In the entries below, which lines run from the one with "第75分钟,霍尔中路抢点,低射扳平比分,富勒姆1-1埃弗顿" through the one with "2月5日,田鹤(左)与同事在维修一列普速列车上的电开水炉。新华社记者 潘昱龙 摄pagebreak"? Repeat exactly those, both included, and no pictures.

Data extracted from a collection:
▼

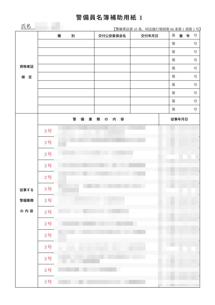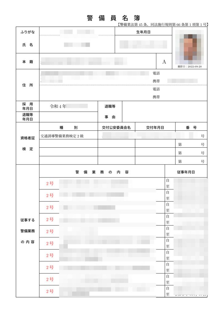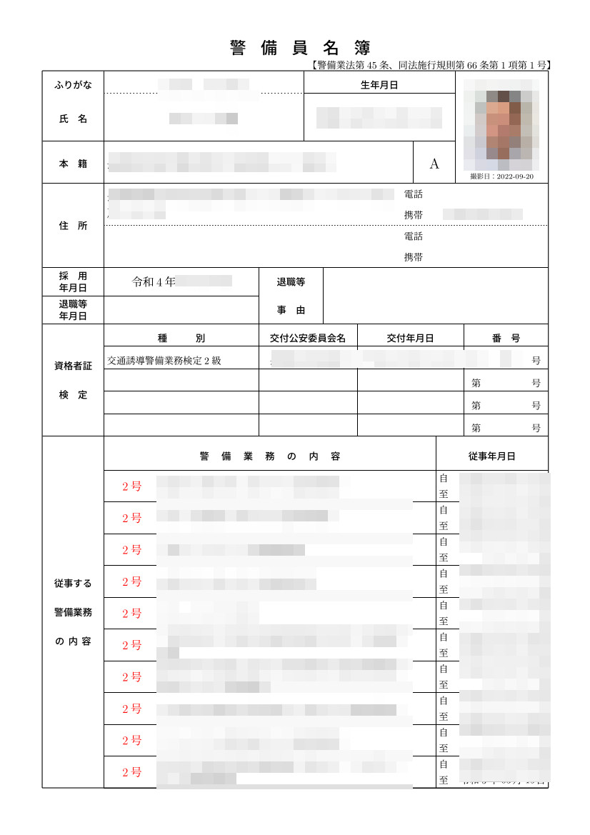 以下は、警備業法に定めがあるものではありませんので、警備員名簿等に出力されることはありません。
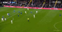 第75分钟,霍尔中路抢点,低射扳平比分,富勒姆1-1埃弗顿
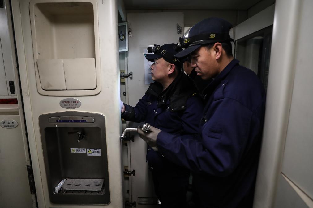2月5日,田鹤(左)与同事在维修一列普速列车上的电开水炉。新华社记者 潘昱龙 摄pagebreak
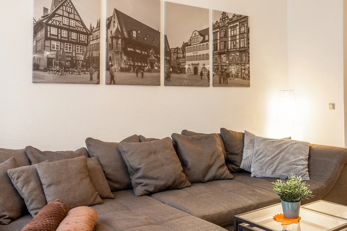 Die Welterbestadt Quedlinburg ist ein Must-See in jedem Harzurlaub. Viele Sehenswürdigkeiten in der Stadt und der Umgebung machen die Tage viel zu kurz, um alles gesehen zu haben. Doch auch Ausflüge in die Region lassen sich von hier aus toll realisieren: Direkt an der A36 gelegen erreichen Sie die Stadtzentren von Wernigerode in ca. 20 Minuten, nach Blankenburg, Thale oder zur Teufelsmauer in ca. 10 Minuten, Aschersleben ist 20 und Goslar ca. 40 Minuten entfernt. Selbstverständlich sind Sie von hier aus schnell im Harz - die Rappbodetalsperre, Harzdrenalin oder Hasselfelde erreichen Sie in weniger als einer halben Stunde. Tip: Von unserer Ferienwohnung erreichen Sie zu Fuss nahezu alle historischen Sehenswürdigkeiten in Quedlinburg innerhalb von 5 Gehminuten! Und nach einem anstrengenden Tag können Sie den Abend in einem guten Restaurant oder einer belebten Kneipe ausklingen lassen und danach quasi direkt in Bett purzeln...
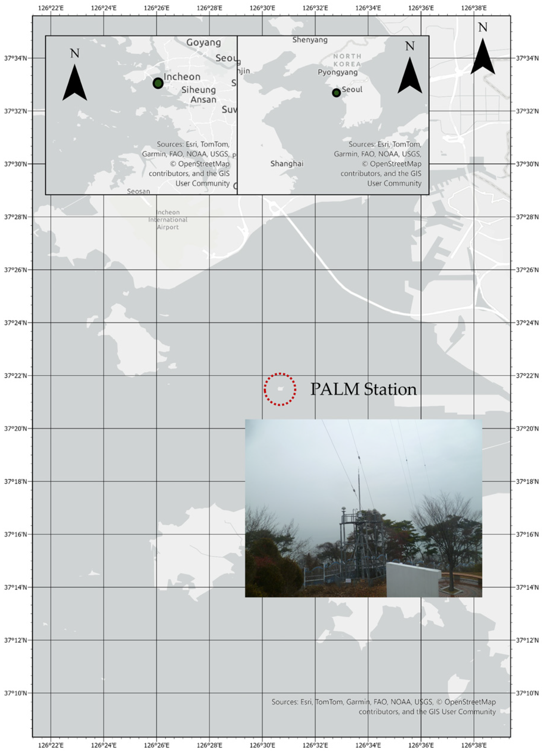 Figure 1), located in the Incheon coastal region of the Korean Peninsula, was selected as the study site due to its proximity to one of the most pronounced tidal environments in East Asia. The area is influenced by semi-diurnal tides with substantial amplitudes, making it an ideal location for investigating vertical displacements induced by OTL. Palmido is situated near the entrance of the Incheon harbor, where tidal variations strongly affect coastal infrastructure, navigation, and sustainable water management practices.
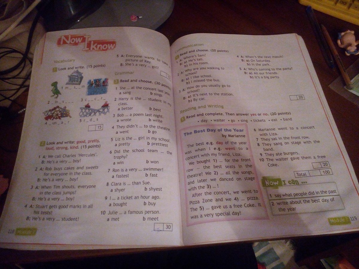 1. 1.museum 2. dinosaur 3. concert 4. funfair 5. rides. 2. 1. strong 2. kind 3. loud 4. good 5. pretty.
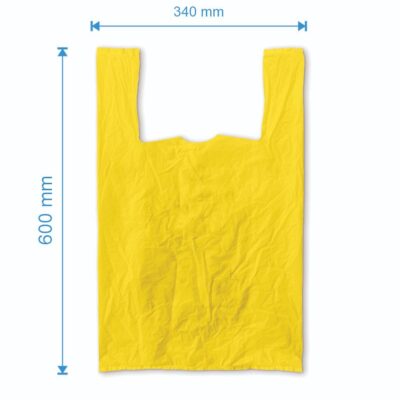 Sacosa maieu 340mm x 600mm - 50 microni grosime, cu pliuri de 100mm, reciclat, culoarea galbenă

▲

EXERCISE RESULT:
 第75分钟,霍尔中路抢点,低射扳平比分,富勒姆1-1埃弗顿
2月5日,田鹤(左)与同事在维修一列普速列车上的电开水炉。新华社记者 潘昱龙 摄pagebreak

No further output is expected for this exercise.